* _ACTION ITEM_
Below are some records. Return exactly their lines from the one containing "www.LensaAktual.com.ǁJawaTimur,30 Oktober 2025-Satgas" through the one containing "8.4 Интегрирование тригонометрических", and drop the pictures.

* _PROVIDED DATA_
• • • • • • •

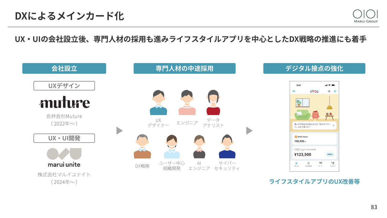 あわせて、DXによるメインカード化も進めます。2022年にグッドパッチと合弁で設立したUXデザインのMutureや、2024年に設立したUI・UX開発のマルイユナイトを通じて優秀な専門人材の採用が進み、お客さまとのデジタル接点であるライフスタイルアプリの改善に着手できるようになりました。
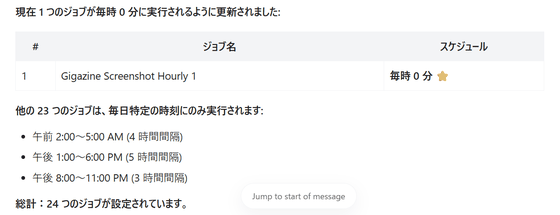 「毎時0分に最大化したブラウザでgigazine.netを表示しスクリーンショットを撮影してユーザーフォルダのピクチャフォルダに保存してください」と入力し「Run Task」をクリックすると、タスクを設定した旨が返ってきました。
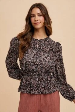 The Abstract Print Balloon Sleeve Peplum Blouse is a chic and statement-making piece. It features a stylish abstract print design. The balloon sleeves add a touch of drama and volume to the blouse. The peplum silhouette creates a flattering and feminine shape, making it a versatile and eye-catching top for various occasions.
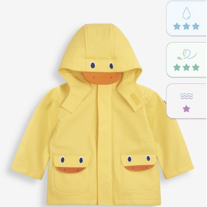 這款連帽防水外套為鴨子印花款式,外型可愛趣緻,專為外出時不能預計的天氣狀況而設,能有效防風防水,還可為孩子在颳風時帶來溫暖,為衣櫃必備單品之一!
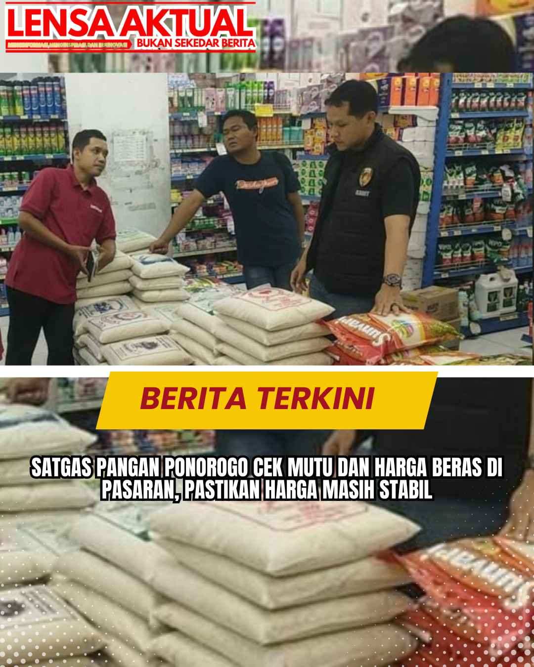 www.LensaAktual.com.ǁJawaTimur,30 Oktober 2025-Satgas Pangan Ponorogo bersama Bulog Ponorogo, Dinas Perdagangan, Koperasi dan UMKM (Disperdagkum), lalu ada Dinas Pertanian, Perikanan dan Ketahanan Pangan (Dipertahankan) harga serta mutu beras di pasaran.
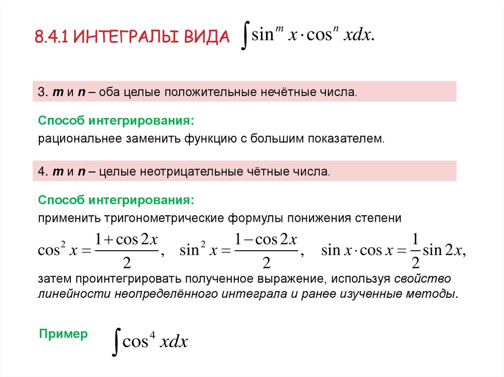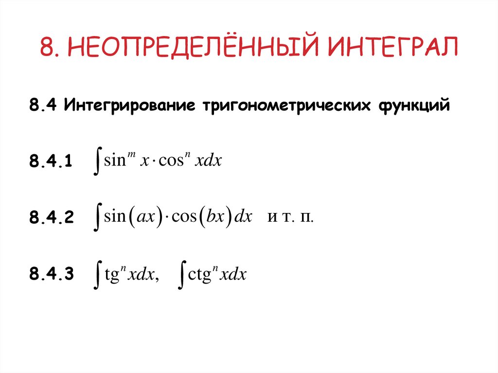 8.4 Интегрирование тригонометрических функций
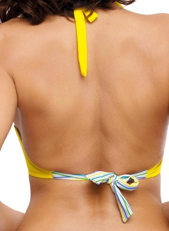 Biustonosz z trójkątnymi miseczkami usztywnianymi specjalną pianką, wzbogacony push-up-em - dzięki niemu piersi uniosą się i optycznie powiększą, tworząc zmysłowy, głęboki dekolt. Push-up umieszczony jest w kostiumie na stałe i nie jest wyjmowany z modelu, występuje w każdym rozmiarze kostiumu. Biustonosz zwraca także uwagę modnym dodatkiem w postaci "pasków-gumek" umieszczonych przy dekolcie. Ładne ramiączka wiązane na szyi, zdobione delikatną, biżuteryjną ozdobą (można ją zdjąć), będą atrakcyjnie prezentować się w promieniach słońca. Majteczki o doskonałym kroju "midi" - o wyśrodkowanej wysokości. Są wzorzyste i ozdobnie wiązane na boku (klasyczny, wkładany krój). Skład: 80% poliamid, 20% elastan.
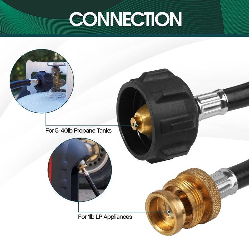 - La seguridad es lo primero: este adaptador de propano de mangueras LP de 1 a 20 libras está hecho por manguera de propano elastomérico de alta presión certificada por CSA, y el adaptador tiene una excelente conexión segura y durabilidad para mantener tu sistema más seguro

• • • • • • •

* _OUTPUT_
 www.LensaAktual.com.ǁJawaTimur,30 Oktober 2025-Satgas Pangan Ponorogo bersama Bulog Ponorogo, Dinas Perdagangan, Koperasi dan UMKM (Disperdagkum), lalu ada Dinas Pertanian, Perikanan dan Ketahanan Pangan (Dipertahankan) harga serta mutu beras di pasaran.
 8.4 Интегрирование тригонометрических функций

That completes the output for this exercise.